**HOW TO COMPLETE THIS TASK:** Retype the whole listing exactly. Leave out pictures.

DATASET CONTENT Block Start

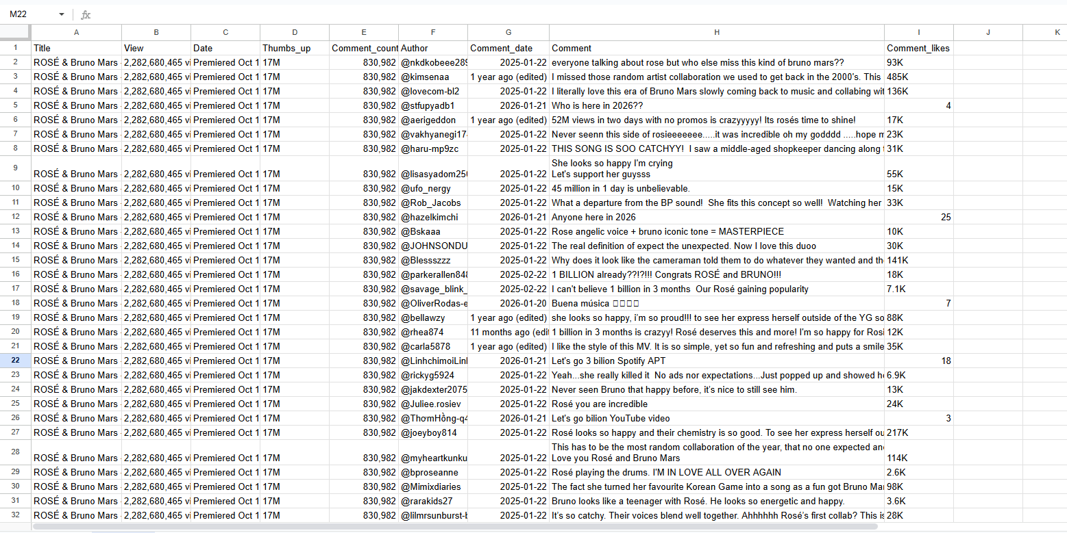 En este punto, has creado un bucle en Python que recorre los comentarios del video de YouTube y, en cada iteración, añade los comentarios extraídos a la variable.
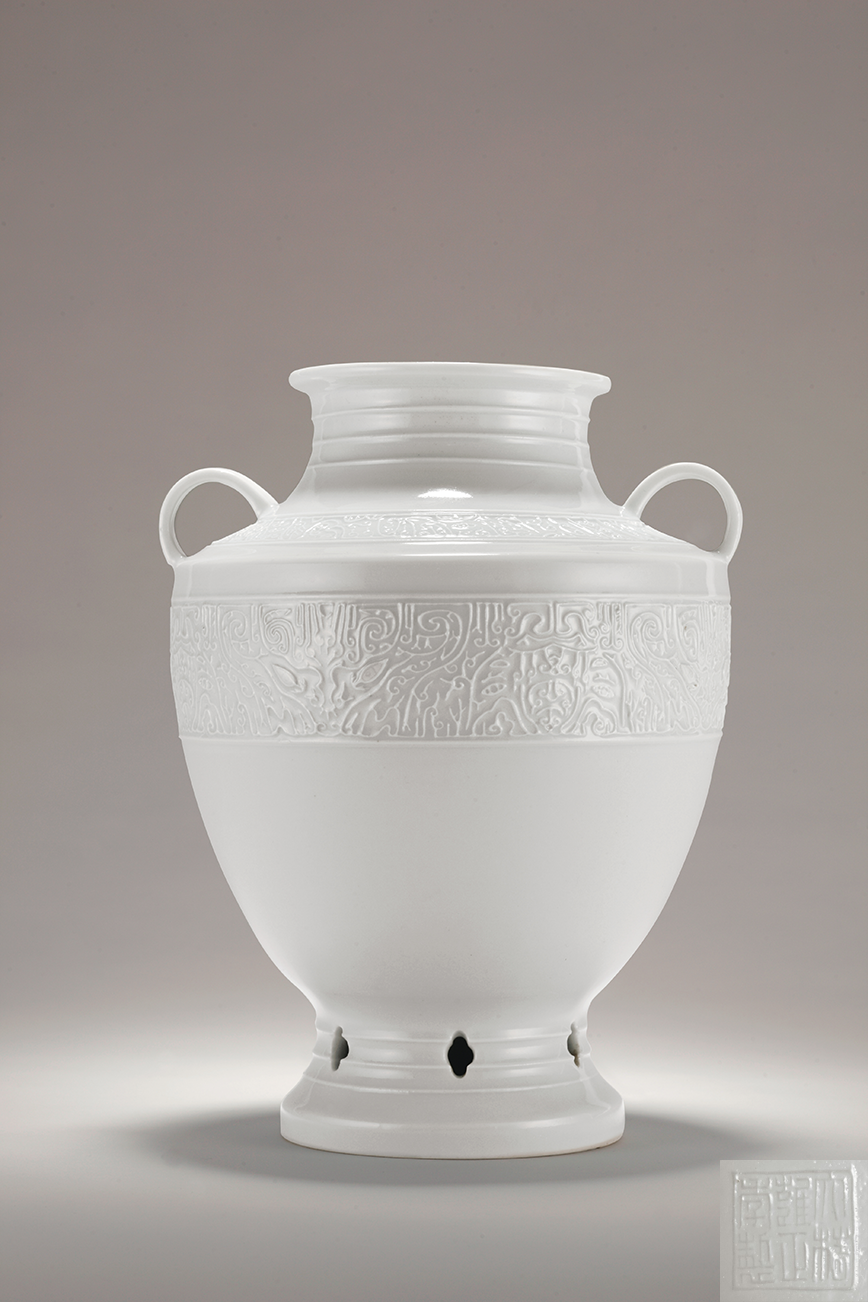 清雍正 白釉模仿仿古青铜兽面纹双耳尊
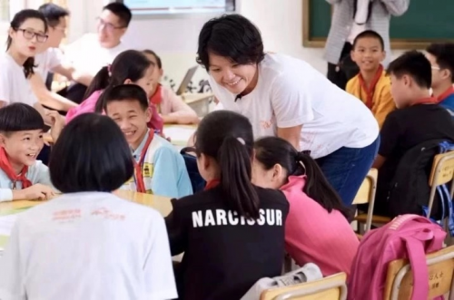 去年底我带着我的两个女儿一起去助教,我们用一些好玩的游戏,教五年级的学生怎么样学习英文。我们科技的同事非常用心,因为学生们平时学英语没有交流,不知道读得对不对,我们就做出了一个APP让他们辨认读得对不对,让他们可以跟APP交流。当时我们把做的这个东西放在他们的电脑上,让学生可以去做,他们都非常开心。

DATASET CONTENT Block End

**ANSWER:**
 En este punto, has creado un bucle en Python que recorre los comentarios del video de YouTube y, en cada iteración, añade los comentarios extraídos a la variable.
 清雍正 白釉模仿仿古青铜兽面纹双耳尊
 去年底我带着我的两个女儿一起去助教,我们用一些好玩的游戏,教五年级的学生怎么样学习英文。我们科技的同事非常用心,因为学生们平时学英语没有交流,不知道读得对不对,我们就做出了一个APP让他们辨认读得对不对,让他们可以跟APP交流。当时我们把做的这个东西放在他们的电脑上,让学生可以去做,他们都非常开心。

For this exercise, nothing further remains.